You will need to copy and paste this JMP output into
your Word document where you are answering all of the other questions.
Here is how to do
that:
Now, return to your Word document (or whatever program you use for word processing). Right-click and select Paste to paste your
output into the document wherever you want it to appear (next to part (h) perhaps, or perhaps next to part (c)).
Click the thin blue near the top of the JMP scatterplot screen, or press
"Alt" on your keyboard, to reveal a toolbar with a series of icons. If
you point your mouse at the icons, you should see, looking at the icons
left to right, the first icon is for a "New Data Table," the second
icon is for "New Script," the third is to "Open" a file, etc. Click the
icon that looks
like a fat white cross or plus sign "+". This is your "Selection"

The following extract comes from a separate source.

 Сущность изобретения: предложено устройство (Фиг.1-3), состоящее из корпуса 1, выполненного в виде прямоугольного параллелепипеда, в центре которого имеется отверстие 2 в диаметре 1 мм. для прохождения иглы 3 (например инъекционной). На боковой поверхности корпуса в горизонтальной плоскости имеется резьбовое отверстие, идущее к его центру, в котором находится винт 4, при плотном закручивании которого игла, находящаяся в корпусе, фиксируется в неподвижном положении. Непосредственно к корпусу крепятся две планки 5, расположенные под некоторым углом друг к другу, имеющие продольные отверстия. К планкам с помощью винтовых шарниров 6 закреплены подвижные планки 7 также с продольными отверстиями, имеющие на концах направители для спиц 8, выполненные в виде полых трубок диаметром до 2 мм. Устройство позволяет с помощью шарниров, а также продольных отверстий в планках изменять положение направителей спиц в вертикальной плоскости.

tool. Your mouse cursor should now have changed from an arrow to that
white cross. Click the title bar that says "Oneway Analysis of ..." at the top
of the output and that should select the entire output (graphs, Summary of Fit, etc.). Right-click and select Copy.
After you have answered all of the questions in your Word document, save it as a PDF file and upload it into the HTML editor.

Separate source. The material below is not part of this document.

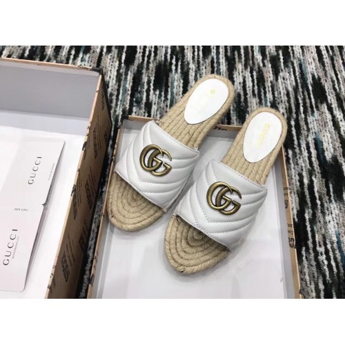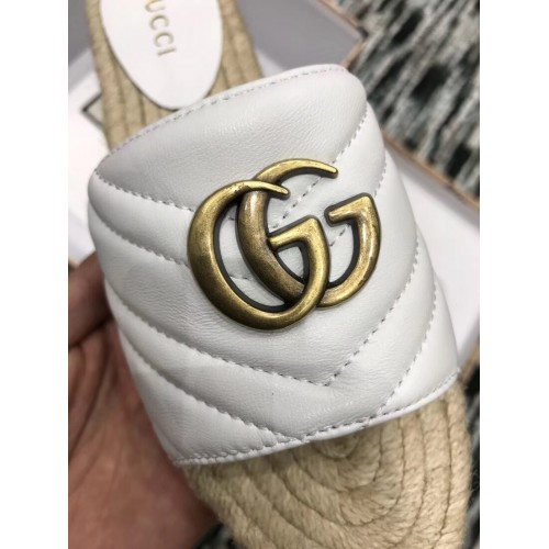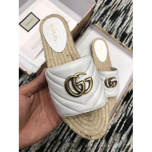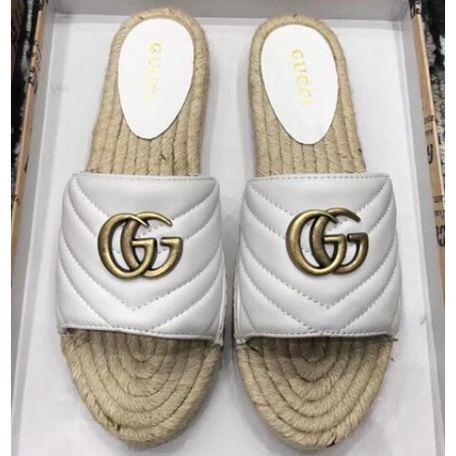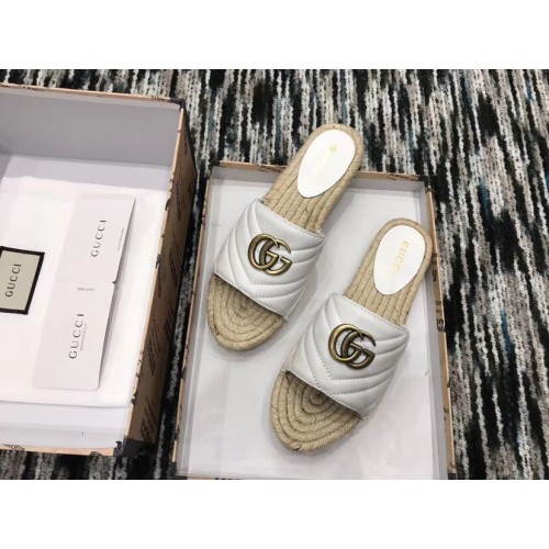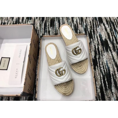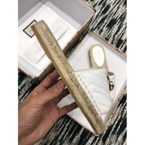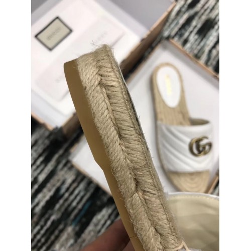 Gucci Leather Espadrilles Slides Sandals White With Double G 573028 2019

To upload your file into the text box they provide: Click "HTML
editor" below the text box to make a toolbar appear in the text box.
Click the toolbar option called "Link" and select "Website/Uploaded
File." In the pop-up window that appears, click the button called
"Find/Upload File" (it is at the bottom of the pop-up window, you may
have to enlarge the box or scroll down to see it). Click the "Browse"
button and find the histogram file you just saved. Either double-click
that file or select it and click "Open" and you should see the path to
that file appear in the Browse box. Click "Upload File" and its name
should appear in the "Uploaded Files" pop-up window. Select the file in
the list of "Uploaded Files" to highlight it and click OK and you
should see a link to the file appear in the text box.
Question 6 is very similar to my
questions 3 and 4 in Lesson 5. Also make sure you read my section about
Confidence Intervals in Anova in question 5 of that lesson before you answer 6(g). Again, I recommend you put the lower of the two bounds for your P-value in the first box for 6(c) and put the upper bound in the second box.